Lucjusz skrzywił się, gdy znów zobaczył, jak jego różowowłosy syn goni Harry'ego Pottera po bibliotece. Czarny Pan chichotał obok niego.

- Mój Panie, wybacz mi pytanie, ale jak sobie radzisz z panem Potterem?

- Nie daję mu powodu do żartów – odpowiedział wesoło Tom.

- Rozumiem – Lucjusz potrząsnął głową, patrząc na dwóch młodszych czarodziei, którzy wybiegli z powrotem na korytarz.

- I nie zawsze robi tylko żarty – dodał szkarłatnooki czarodziej, zanim wrócił do swojego zajęcia. Lucjusz delikatnie potarł nasadę nosa. On to wiedział. Widział to w oczach młodego mężczyzny, kiedy rozmawiał z nim przez całą noc. Ujawniło się to ponownie, gdy tego ranka wszyscy okrążyli go, jakby był łatwym do zbicia jajkiem, dopóki nie zrobił żartów im wszystkim. Teraz zmieniło się to w grę żartów.

- Jeśli to pomoże, Harry obiecał, że niczego nie zniszczą – powiedział Tom, jakby wiedząc, co dzieje się w umyśle Malfoy'a. 'Nie zaskoczyłoby mnie, gdyby to wiedział'. Pomyślał sucho Lucjusz.

- Nie boję się tego, mój Panie. Schowałem wszystkie cenne rzeczy, kiedy zdałem sobie sprawę, że będzie tutaj przebywać trójka Gryfonów – Czarny Pan wydał z siebie szczekliwy śmiech i posłał Lucjuszowi rzadki uśmiech.

- Jesteś mądrym człowiekiem, Lucjuszu.

- Nie tak mądrym, jak ty, mój Panie – odpowiedział Lucjusz.

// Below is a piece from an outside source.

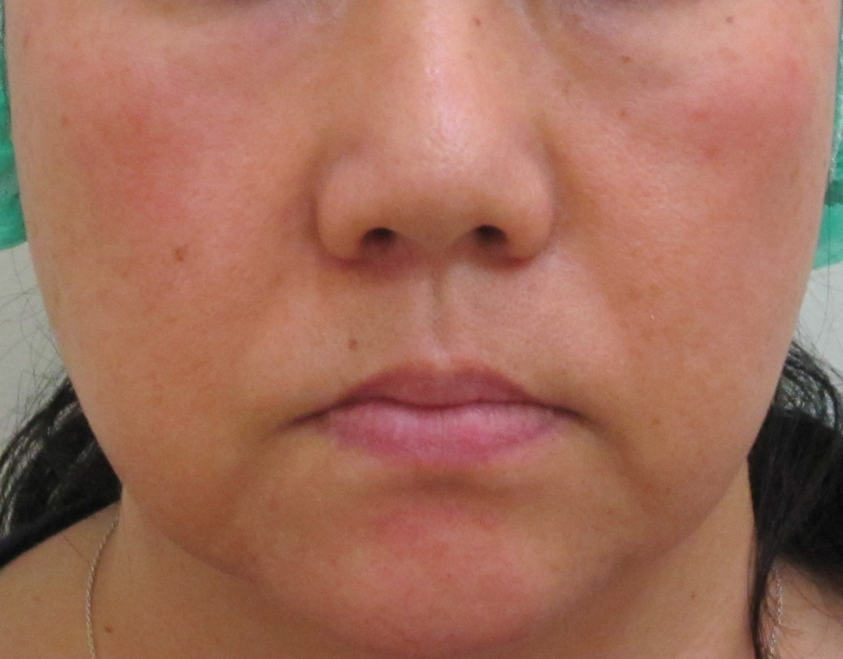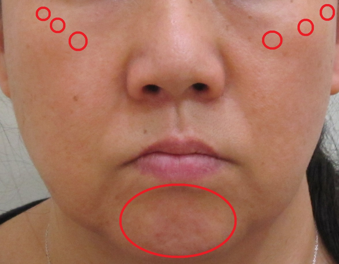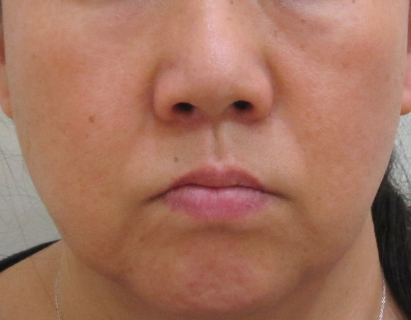 施術前・・・アゴが小さいため、アゴに梅干ジワができています。

Tom potrząsnął głową.

- Może nie jestem taki mądry. W gruncie rzeczy zakochałem się w Harrym Potterze – Usiadł i spojrzał w chłodne szare oczy – Powiedz mi, Lucjuszu, czy uważasz, że jestem głupcem?

- Nie mnie to oceniać.

- Proszę, żebyś mi powiedział, co myślisz? Co wszyscy myślą? – powiedział ostro Tom, a szkarłatne oczy zwęziły się. 'Skąd miałem wiedzieć, że zapyta mnie o to w tym momencie?' Lucjusz westchnął.

- Większość z nas uważa, że ​​w końcu straciłeś rozum, mój Panie. Chociaż niektórzy uważają, że próbujesz nowej strategii ataku.

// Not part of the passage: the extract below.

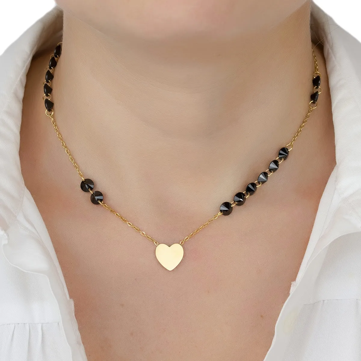 Naszyjnik SERCE koraliki STAL SZLACHETNA POZŁACANA

- A ty, jak myślisz, Lucjuszu?

- Mój Panie, wierzyłem, że straciłeś rozum, ale Draco codziennie wysyła mi listy o panu Potterze. Teraz go poznałem i zaczynam się zastanawiać, czy to nie jest dobry pomysł.

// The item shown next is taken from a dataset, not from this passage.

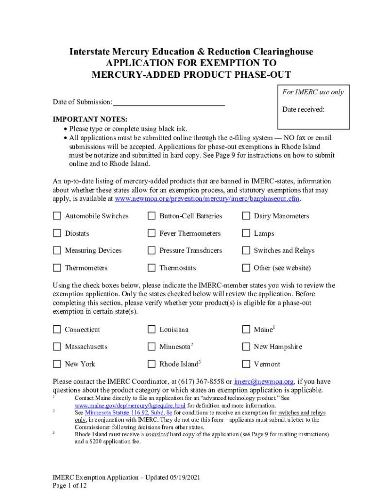 Interstate Mercury Education & Reduction Clearinghouse APPLICATION FOR EXEMPTION TO MERCURYADDED PRODUCT PHASEOUT For IMERC use onlyDate of Submission:Date received:IMPORTANT NOTES: Please type or
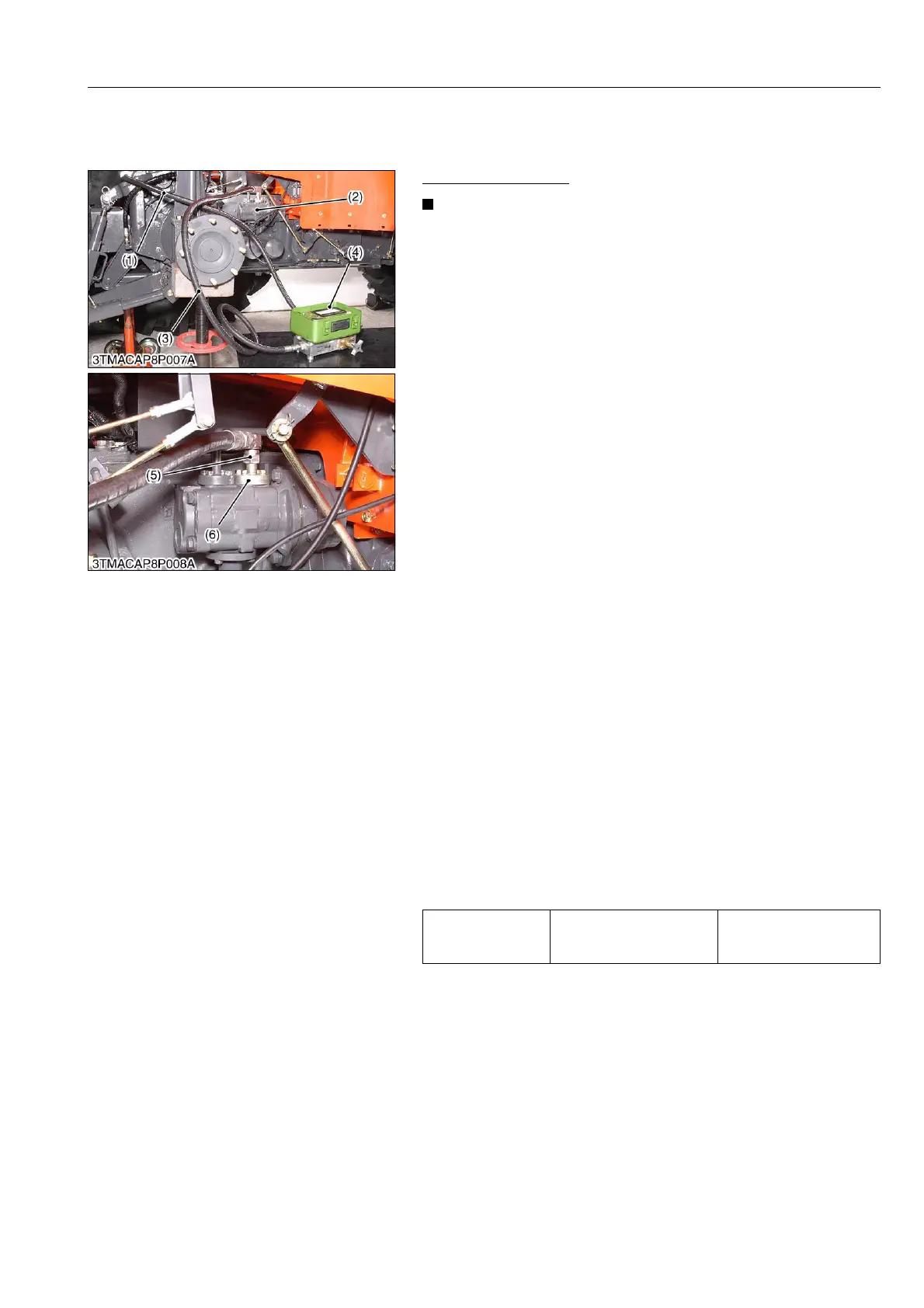 7. Connect the hydraulic test hose (3) to the adaptor at hydraulic

- Dobry pomysł? – Powtórzył sceptycznie Czarny Pan.

- Tylko dwie rzeczy dzielą cię, mój Panie, od przejęcia władzy nad magicznym światem. Tymi barierami są Harry Potter i Albus Dumbledore. Więcej ludzi będzie podążać za chłopakiem, niż dyrektorem, ponieważ to Harry Potter jest wybawcą, a nie Dumbledore – wyjaśnił Lucjusz. Tom spojrzał w oczy swojego wiernego śmierciożercy, zanim skinął głową.

- Tak – Przerwał na chwilę, zanim znów się odezwał – Lucjuszu, dlaczego mówisz na Harry'ego, "Pan Potter" lub "Harry Potter"? Dlaczego nie nazwiesz go Harrym?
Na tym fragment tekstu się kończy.